WHAT THE TASK ASKS. Make an exact copy of all the entries, with the pictures left out.

RECORD SET.
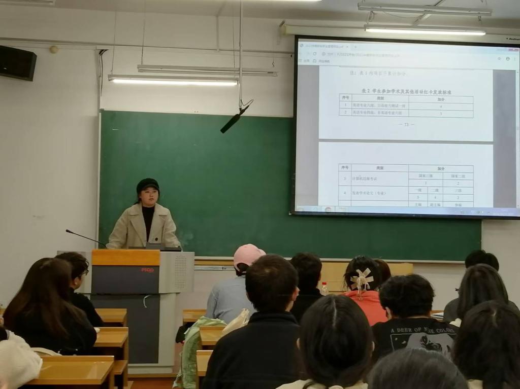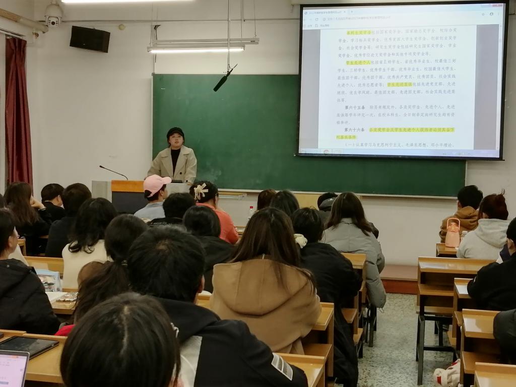 关于奖优评定、综合测评等方面,赵老师向学生介绍了学校的奖励标准、评选办法等规定,强调同学们应注重自身全面发展,鼓励大家多参加各类比赛、多参与社会实践,在实践中增长才干。
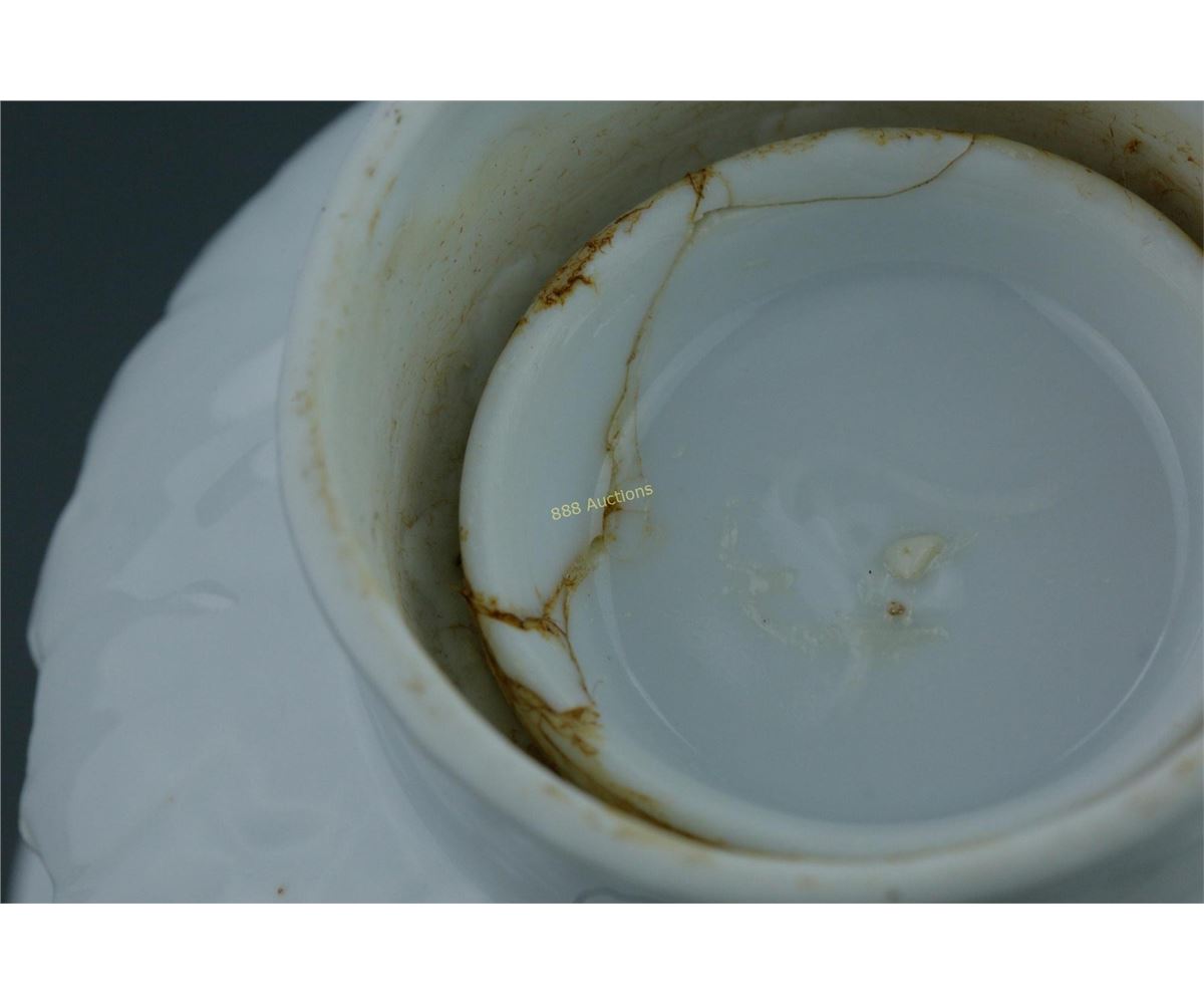Chinese porcelain revolving stem cup; deep form with slightly flared rim; featuring molded designs of lotus scroll (chip repair at base), 19th/20th Century; D: 13 cm, H: 9 cm
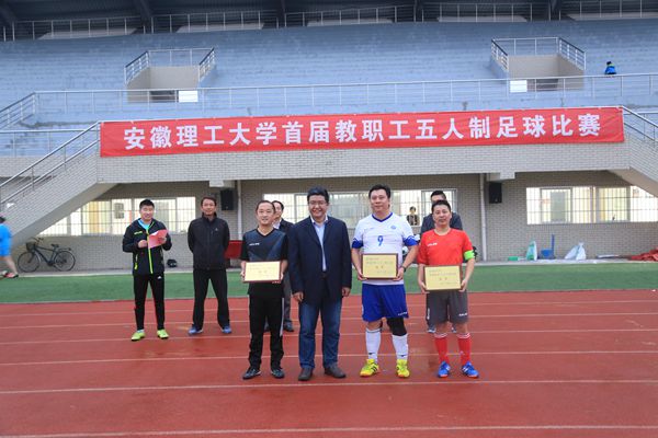 10月25日下午,校首届教职工五人制足球赛冠亚军、三四名决赛在至诚体育场火热开战。校党委常委、副校长董雨,校工会、体育部、校团委等部门负责同志到现场助阵并为获胜队伍颁奖。
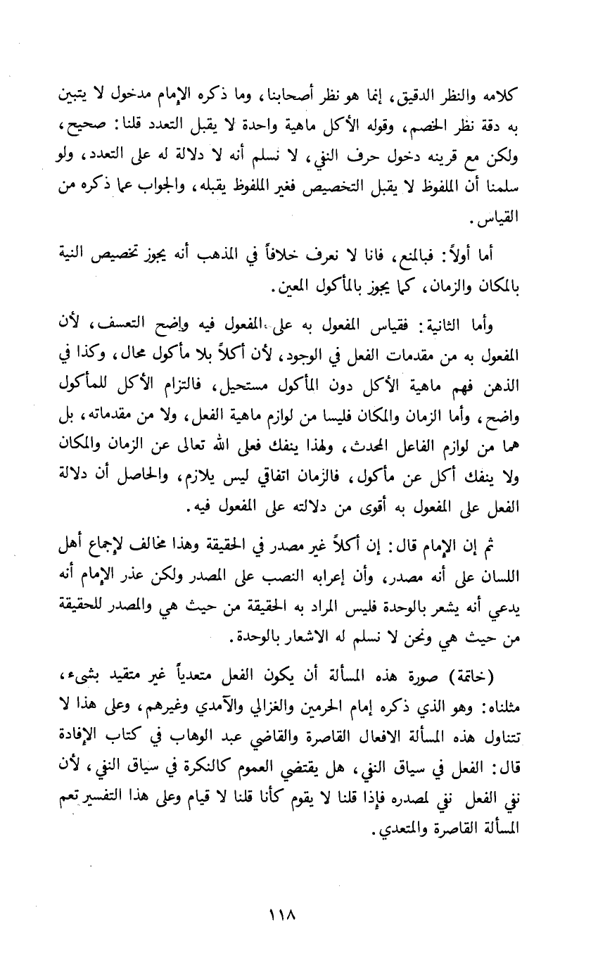 خاتمة: صورة هذه المسألة ان يكون الفعل متعديا غير متقيد بشيء مثلناه وهو الذي ذكره إمام الحرمين والغزالي والآمدي وغيرهم وعلى هذا لا تتناول هذه المسألة الأفعال القاصرة والقاضي عبد الوهاب في كتاب الإفادة قال الفعل في سياق النفي هل يقتضي العموم كالنكرة في سياق النفي لأن نفي الفعل لمصدره فإذا قلنا لا يقوم كأنا قلنا لا قيام وعلى هذا التفسير تعم المسألة القاصرة والمتعدي.
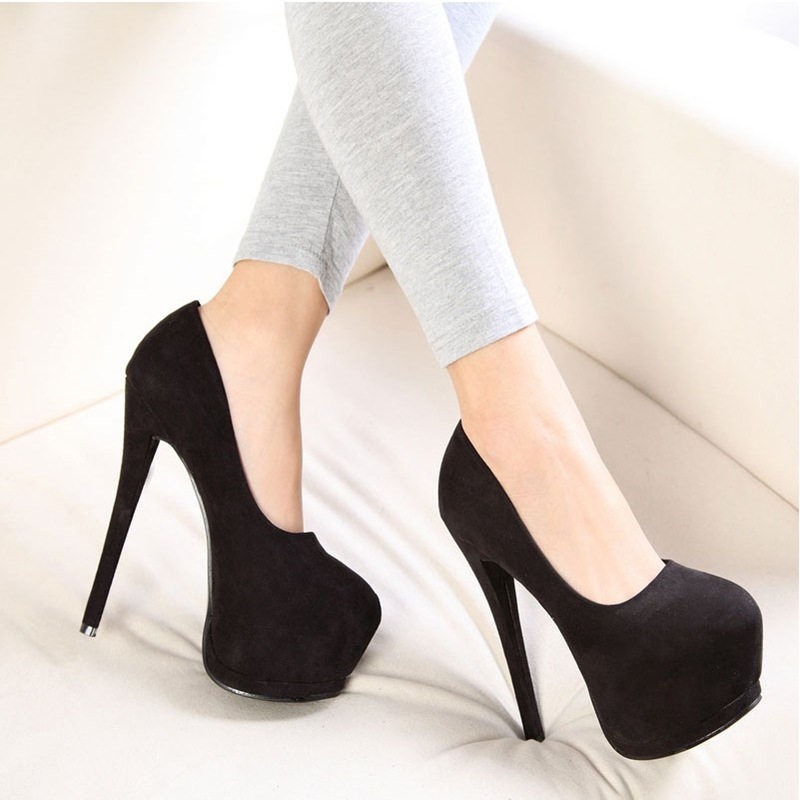 Сексуальная черная весенняя обувь на высоком каблуке, 15см
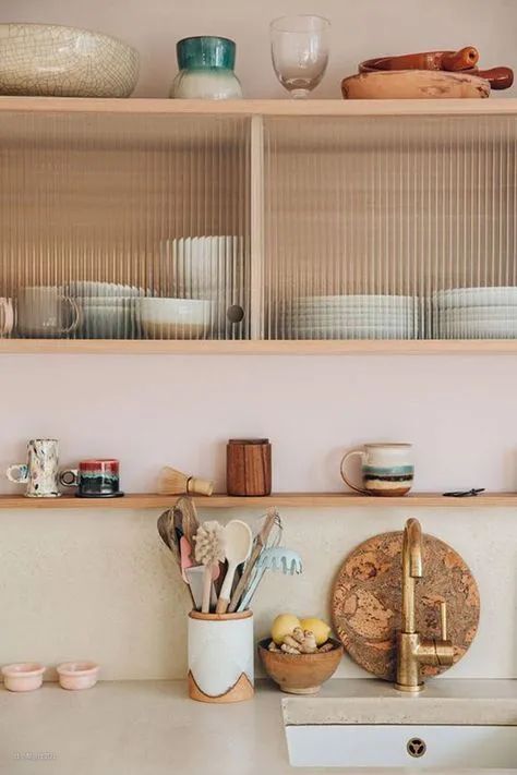 长虹玻璃做橱柜,隔绝油烟的同时又能隐约的看到五彩各式的餐具,既减少了色彩杂乱感,又保有一定的展示作用。
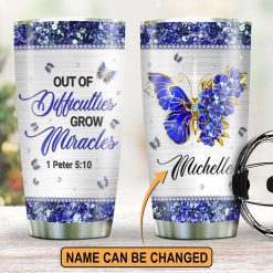 Gorgeous Personalized Floral Butterfly Stainless Steel Tumbler 20oz – Out Of Difficulties, Grow Miracles NUA1571
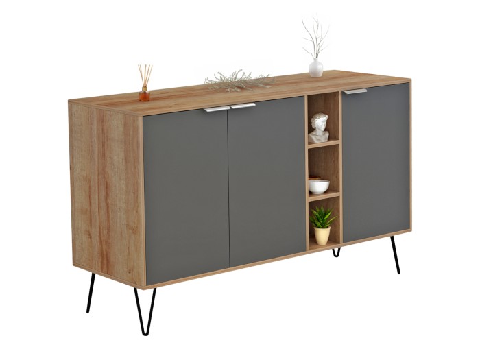 Ο μπουφές CABRON είναι ένα όμορφο έπιπλο όπου κι αν τον τοποθετήσετε. Έχει ψηλά ΜΑΥΡΑ μεταλλικά πόδια ενώ το μήκος του εξασφαλίζει ότι η επιφάνεια του είναι αρκετή για τοποθέτηση πολλών αντικειμένων. Στην αριστερή πλευρά όπως το βλέπει κάποιος, έχει ένα ντουλάπι με δύο πόρτες κι ένα ράφι στο εσωτερικό. Στην μέση σχεδόν του επίπλου και προς τα δεξιά, υπάρχει ελεύθερος χώρος με ραφάκια. Στην δεξιά πλευρά υπάρχει ένα μονό κλειστό ντουλάπι με ένα ράφι στο εσωτερικό του. Το χρώμα όλης της κατασκευής είναι το ΦΥΣΙΚΟ του ξύλου, ενώ και οι 3 πόρτες είναι σε χρώμα ΑΝΘΡΑΚΙ. Τι είναι όμως ο μπουφές;

WRITTEN ANSWER.
 关于奖优评定、综合测评等方面,赵老师向学生介绍了学校的奖励标准、评选办法等规定,强调同学们应注重自身全面发展,鼓励大家多参加各类比赛、多参与社会实践,在实践中增长才干。
Chinese porcelain revolving stem cup; deep form with slightly flared rim; featuring molded designs of lotus scroll (chip repair at base), 19th/20th Century; D: 13 cm, H: 9 cm
 10月25日下午,校首届教职工五人制足球赛冠亚军、三四名决赛在至诚体育场火热开战。校党委常委、副校长董雨,校工会、体育部、校团委等部门负责同志到现场助阵并为获胜队伍颁奖。
 خاتمة: صورة هذه المسألة ان يكون الفعل متعديا غير متقيد بشيء مثلناه وهو الذي ذكره إمام الحرمين والغزالي والآمدي وغيرهم وعلى هذا لا تتناول هذه المسألة الأفعال القاصرة والقاضي عبد الوهاب في كتاب الإفادة قال الفعل في سياق النفي هل يقتضي العموم كالنكرة في سياق النفي لأن نفي الفعل لمصدره فإذا قلنا لا يقوم كأنا قلنا لا قيام وعلى هذا التفسير تعم المسألة القاصرة والمتعدي.
 Сексуальная черная весенняя обувь на высоком каблуке, 15см
 长虹玻璃做橱柜,隔绝油烟的同时又能隐约的看到五彩各式的餐具,既减少了色彩杂乱感,又保有一定的展示作用。
 Gorgeous Personalized Floral Butterfly Stainless Steel Tumbler 20oz – Out Of Difficulties, Grow Miracles NUA1571
 Ο μπουφές CABRON είναι ένα όμορφο έπιπλο όπου κι αν τον τοποθετήσετε. Έχει ψηλά ΜΑΥΡΑ μεταλλικά πόδια ενώ το μήκος του εξασφαλίζει ότι η επιφάνεια του είναι αρκετή για τοποθέτηση πολλών αντικειμένων. Στην αριστερή πλευρά όπως το βλέπει κάποιος, έχει ένα ντουλάπι με δύο πόρτες κι ένα ράφι στο εσωτερικό. Στην μέση σχεδόν του επίπλου και προς τα δεξιά, υπάρχει ελεύθερος χώρος με ραφάκια. Στην δεξιά πλευρά υπάρχει ένα μονό κλειστό ντουλάπι με ένα ράφι στο εσωτερικό του. Το χρώμα όλης της κατασκευής είναι το ΦΥΣΙΚΟ του ξύλου, ενώ και οι 3 πόρτες είναι σε χρώμα ΑΝΘΡΑΚΙ. Τι είναι όμως ο μπουφές;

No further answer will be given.